## TASK DIRECTIONS
An exact transcript is required of the lines below, from the one containing "Mit diesem kühnen" through the very last; leave every picture out of it.

§

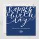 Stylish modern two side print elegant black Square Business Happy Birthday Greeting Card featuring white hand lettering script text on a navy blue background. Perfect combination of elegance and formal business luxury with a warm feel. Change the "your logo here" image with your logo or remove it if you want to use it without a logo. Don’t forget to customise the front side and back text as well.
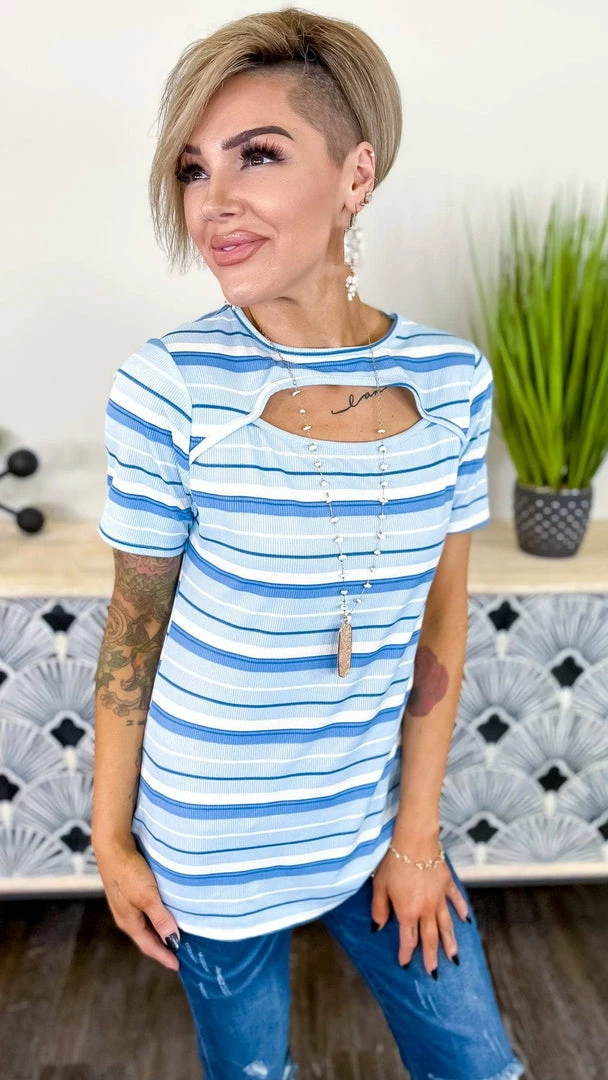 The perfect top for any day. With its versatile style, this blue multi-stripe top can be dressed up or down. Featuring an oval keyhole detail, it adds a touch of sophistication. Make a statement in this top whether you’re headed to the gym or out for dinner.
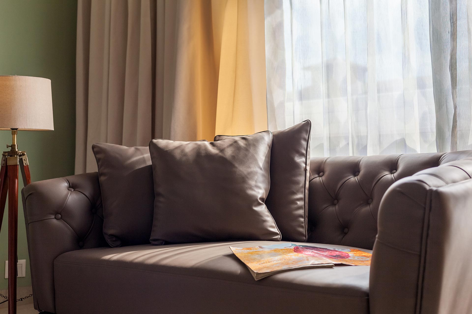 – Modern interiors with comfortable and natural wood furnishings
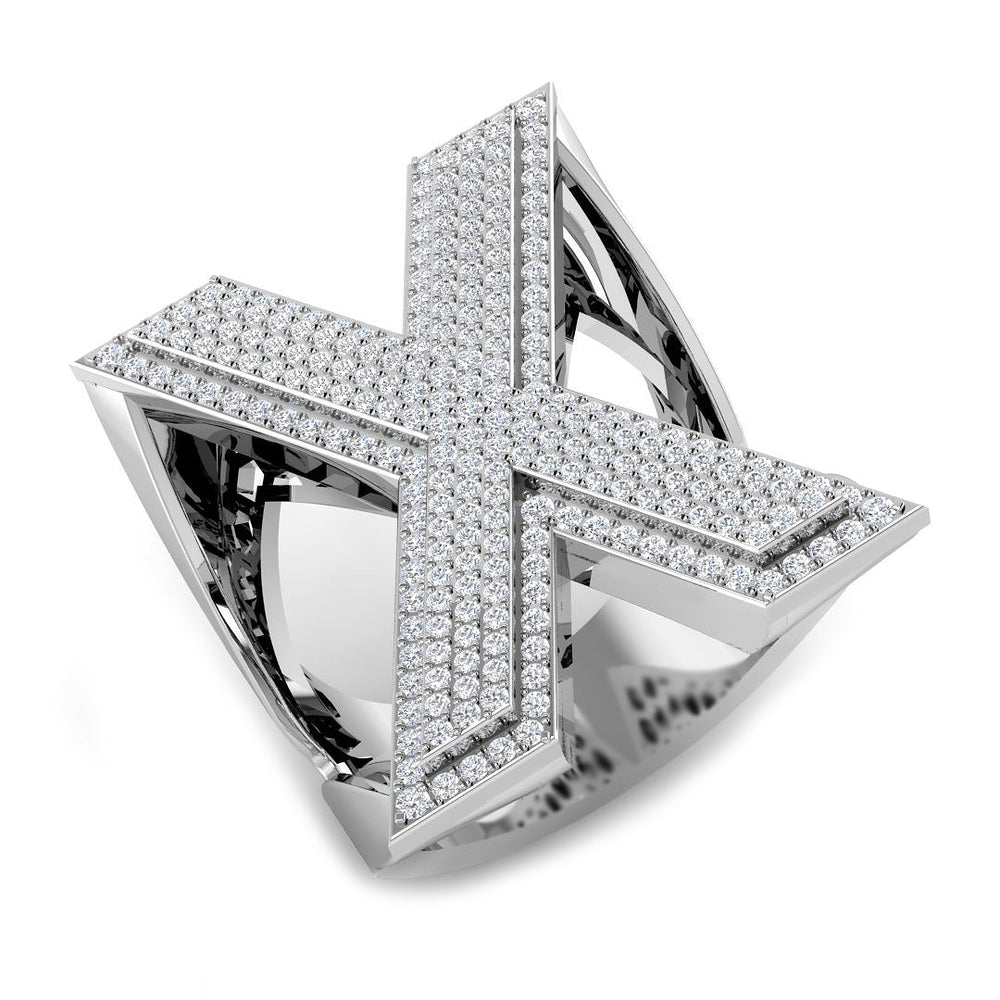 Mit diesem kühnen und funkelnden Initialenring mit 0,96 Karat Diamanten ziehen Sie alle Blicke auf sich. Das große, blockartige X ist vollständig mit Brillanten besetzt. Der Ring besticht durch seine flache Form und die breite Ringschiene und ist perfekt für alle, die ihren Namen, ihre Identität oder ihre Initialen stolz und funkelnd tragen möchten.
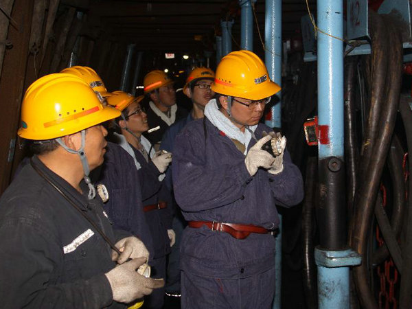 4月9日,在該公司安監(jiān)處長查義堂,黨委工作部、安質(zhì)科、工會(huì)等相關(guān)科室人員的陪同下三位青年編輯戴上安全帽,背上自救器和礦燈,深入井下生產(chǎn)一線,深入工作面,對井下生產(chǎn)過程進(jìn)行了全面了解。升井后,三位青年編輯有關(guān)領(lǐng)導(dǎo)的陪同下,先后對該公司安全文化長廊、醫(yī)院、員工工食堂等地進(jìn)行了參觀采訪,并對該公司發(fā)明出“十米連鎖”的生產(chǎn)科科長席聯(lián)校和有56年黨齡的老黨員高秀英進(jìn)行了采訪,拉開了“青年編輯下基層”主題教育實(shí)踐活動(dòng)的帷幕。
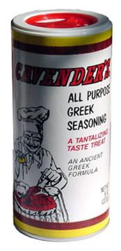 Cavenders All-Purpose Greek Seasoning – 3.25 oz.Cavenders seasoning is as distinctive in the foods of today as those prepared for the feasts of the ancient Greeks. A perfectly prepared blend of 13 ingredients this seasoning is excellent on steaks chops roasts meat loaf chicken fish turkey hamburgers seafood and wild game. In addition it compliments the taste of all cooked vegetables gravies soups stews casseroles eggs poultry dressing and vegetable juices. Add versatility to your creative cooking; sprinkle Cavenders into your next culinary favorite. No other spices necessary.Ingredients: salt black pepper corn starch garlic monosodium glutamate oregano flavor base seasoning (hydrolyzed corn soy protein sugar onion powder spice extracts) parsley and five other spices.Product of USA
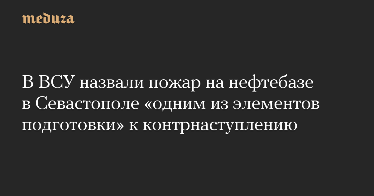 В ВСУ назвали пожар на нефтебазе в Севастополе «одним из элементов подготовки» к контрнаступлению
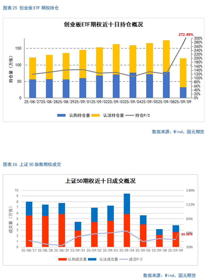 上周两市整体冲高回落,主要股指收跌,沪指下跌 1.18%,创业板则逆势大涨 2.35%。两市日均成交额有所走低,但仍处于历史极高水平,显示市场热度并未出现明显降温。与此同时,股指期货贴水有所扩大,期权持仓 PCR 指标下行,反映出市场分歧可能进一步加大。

§

## TASK ANSWER
 Mit diesem kühnen und funkelnden Initialenring mit 0,96 Karat Diamanten ziehen Sie alle Blicke auf sich. Das große, blockartige X ist vollständig mit Brillanten besetzt. Der Ring besticht durch seine flache Form und die breite Ringschiene und ist perfekt für alle, die ihren Namen, ihre Identität oder ihre Initialen stolz und funkelnd tragen möchten.
 4月9日,在該公司安監(jiān)處長查義堂,黨委工作部、安質(zhì)科、工會(huì)等相關(guān)科室人員的陪同下三位青年編輯戴上安全帽,背上自救器和礦燈,深入井下生產(chǎn)一線,深入工作面,對井下生產(chǎn)過程進(jìn)行了全面了解。升井后,三位青年編輯有關(guān)領(lǐng)導(dǎo)的陪同下,先后對該公司安全文化長廊、醫(yī)院、員工工食堂等地進(jìn)行了參觀采訪,并對該公司發(fā)明出“十米連鎖”的生產(chǎn)科科長席聯(lián)校和有56年黨齡的老黨員高秀英進(jìn)行了采訪,拉開了“青年編輯下基層”主題教育實(shí)踐活動(dòng)的帷幕。
 Cavenders All-Purpose Greek Seasoning – 3.25 oz.Cavenders seasoning is as distinctive in the foods of today as those prepared for the feasts of the ancient Greeks. A perfectly prepared blend of 13 ingredients this seasoning is excellent on steaks chops roasts meat loaf chicken fish turkey hamburgers seafood and wild game. In addition it compliments the taste of all cooked vegetables gravies soups stews casseroles eggs poultry dressing and vegetable juices. Add versatility to your creative cooking; sprinkle Cavenders into your next culinary favorite. No other spices necessary.Ingredients: salt black pepper corn starch garlic monosodium glutamate oregano flavor base seasoning (hydrolyzed corn soy protein sugar onion powder spice extracts) parsley and five other spices.Product of USA
 В ВСУ назвали пожар на нефтебазе в Севастополе «одним из элементов подготовки» к контрнаступлению
 上周两市整体冲高回落,主要股指收跌,沪指下跌 1.18%,创业板则逆势大涨 2.35%。两市日均成交额有所走低,但仍处于历史极高水平,显示市场热度并未出现明显降温。与此同时,股指期货贴水有所扩大,期权持仓 PCR 指标下行,反映出市场分歧可能进一步加大。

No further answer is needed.